The Board of Directors, regarding the eventual authorized acquisitions that it may resolve, shall take into account the recommendations of the Securities Market Commission (“Comissão do Mercado de Valores Mobiliários”) and the Regulation n° (EC) 2273/2003 of the Commission, in particular the following aspects:

a) Suitable record maintenance and opportune disclosure to the public of the operations carried out;

b) Execution of the operations in conditions of time, form and volume that do not disturb the regular functioning of the market, namely trying to avoid its execution in sensitive moments of the negotiation, in particular, at the opening and closing of the session, in moments of disturbance in the market, in moments close to the disclosure of material events or of announcement of results;

c) Carrying out of the acquisitions at a price not higher than the highest of the last independent operation and of the independent offer of the greatest amount in the official listing market of Euronext Lisbon;

d) Limitation of the acquisitions to 25% of the daily average negotiation volume, or to 50% of such volume through communication to the competent authority and disclosure to the market.

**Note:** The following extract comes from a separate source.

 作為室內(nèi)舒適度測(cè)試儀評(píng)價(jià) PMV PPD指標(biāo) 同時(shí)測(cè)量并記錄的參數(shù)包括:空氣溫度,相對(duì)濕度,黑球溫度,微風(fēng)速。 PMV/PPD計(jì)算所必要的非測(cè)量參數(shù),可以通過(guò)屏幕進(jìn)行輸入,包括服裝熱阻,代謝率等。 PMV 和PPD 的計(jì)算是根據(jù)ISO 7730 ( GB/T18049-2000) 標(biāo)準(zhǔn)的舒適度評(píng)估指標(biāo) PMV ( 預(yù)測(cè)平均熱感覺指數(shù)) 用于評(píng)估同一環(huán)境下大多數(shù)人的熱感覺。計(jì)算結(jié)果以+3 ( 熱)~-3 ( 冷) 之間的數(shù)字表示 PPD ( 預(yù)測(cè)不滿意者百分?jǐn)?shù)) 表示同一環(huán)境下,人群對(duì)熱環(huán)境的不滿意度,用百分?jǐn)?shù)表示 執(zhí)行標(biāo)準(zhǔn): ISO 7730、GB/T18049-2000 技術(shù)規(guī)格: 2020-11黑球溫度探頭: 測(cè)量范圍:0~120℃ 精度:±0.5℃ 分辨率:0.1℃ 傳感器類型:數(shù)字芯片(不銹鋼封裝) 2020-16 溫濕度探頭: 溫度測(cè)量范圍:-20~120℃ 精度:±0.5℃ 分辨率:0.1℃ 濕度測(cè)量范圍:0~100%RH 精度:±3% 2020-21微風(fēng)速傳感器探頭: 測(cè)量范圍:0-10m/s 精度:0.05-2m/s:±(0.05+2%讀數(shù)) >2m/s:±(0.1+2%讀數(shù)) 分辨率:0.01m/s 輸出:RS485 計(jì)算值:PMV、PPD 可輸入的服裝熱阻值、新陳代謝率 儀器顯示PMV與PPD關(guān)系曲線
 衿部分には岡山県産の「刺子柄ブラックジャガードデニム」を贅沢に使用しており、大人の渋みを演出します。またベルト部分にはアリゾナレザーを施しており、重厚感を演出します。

As mentioned above, the general resolution on the acquisition of own shares is merely an authorization, being an eventual implementation of any acquisitions dependent from a resolution of the Board of Directors.

This information is also available on PT’s IR website http://ir.telecom.pt.

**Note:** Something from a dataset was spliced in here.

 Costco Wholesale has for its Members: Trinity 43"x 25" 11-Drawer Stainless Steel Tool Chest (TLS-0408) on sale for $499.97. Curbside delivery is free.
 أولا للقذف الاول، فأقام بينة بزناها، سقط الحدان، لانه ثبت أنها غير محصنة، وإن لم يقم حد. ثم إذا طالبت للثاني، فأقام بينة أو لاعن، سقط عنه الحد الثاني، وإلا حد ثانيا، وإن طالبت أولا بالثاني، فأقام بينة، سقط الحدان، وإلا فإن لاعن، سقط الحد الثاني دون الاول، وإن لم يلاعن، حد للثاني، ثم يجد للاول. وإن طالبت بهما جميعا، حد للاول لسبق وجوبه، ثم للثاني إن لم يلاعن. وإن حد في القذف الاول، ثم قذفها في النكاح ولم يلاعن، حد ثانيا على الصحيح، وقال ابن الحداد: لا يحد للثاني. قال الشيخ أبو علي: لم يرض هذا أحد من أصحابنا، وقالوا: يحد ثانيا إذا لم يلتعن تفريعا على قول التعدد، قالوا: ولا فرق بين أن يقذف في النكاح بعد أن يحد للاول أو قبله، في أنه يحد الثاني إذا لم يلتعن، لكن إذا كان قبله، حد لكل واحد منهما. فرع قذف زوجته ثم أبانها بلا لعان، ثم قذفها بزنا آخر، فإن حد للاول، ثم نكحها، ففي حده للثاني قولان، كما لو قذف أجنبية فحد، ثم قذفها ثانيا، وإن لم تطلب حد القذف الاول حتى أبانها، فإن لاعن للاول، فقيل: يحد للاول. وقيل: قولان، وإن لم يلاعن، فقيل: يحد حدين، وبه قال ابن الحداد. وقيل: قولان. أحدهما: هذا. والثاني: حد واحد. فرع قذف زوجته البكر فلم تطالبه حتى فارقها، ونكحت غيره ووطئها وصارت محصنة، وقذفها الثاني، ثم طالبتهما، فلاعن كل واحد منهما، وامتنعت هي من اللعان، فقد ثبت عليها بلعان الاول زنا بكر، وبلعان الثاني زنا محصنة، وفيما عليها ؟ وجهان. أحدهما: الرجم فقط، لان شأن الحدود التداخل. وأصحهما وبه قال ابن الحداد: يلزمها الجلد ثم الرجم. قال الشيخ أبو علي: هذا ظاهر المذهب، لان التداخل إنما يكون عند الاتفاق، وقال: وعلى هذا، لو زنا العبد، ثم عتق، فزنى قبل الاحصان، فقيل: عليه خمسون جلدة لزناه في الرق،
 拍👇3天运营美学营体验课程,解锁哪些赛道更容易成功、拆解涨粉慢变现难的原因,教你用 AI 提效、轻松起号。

Contact: Nuno Prego, Investor Relations Director
  [email protected]
 
  Portugal Telecom
  Tel.: +351 21 500 1701
  Fax: +351 21 500 0800


Portugal Telecom is listed on the Euronext and New York Stock Exchanges. Information may be accessed on the Reuters under the symbols PT and PTCO.IN and on Bloomberg under the symbol PTC PL.


 
SIGNATURE
 
 
Pursuant to the requirements of the Securities Exchange Act of 1934, the registrant has duly caused this report to be signed on its behalf by the undersigned, thereunto duly authorized.

Date: April 29, 2005

 
PORTUGAL TELECOM, SGPS, S.A.
By:
/S/  Nuno Prego

Nuno Prego
Investor Relations Director
 

 

 
FORWARD-LOOKING STATEMENTS

This press release may contain forward-looking statements. These statements are statements that are not historical facts, and are based on management's current view and estimates of future economic circumstances, industry conditions, company performance and financial results. The words "anticipates", "believes", "estimates", "expects", "plans" and similar expressions, as they relate to the company, are intended to identify forward-looking statements. Statements regarding the declaration or payment of dividends, the implementation of principal operating and financing strategies and capital expenditure plans, the direction of future operations and the factors or trends affecting financial condition, liquidity or results of operations are examples of forward-looking statements. Such statements reflect the current views of management and are subject to a number of risks and uncertainties. There is no guarantee that the expected events, trends or results will actually occur. The statements are based on many assumptions and factors, including general economic and market conditions, industry conditions, and operating factors. Any changes in such assumptions or factors could cause actual results to differ materially from current expectations.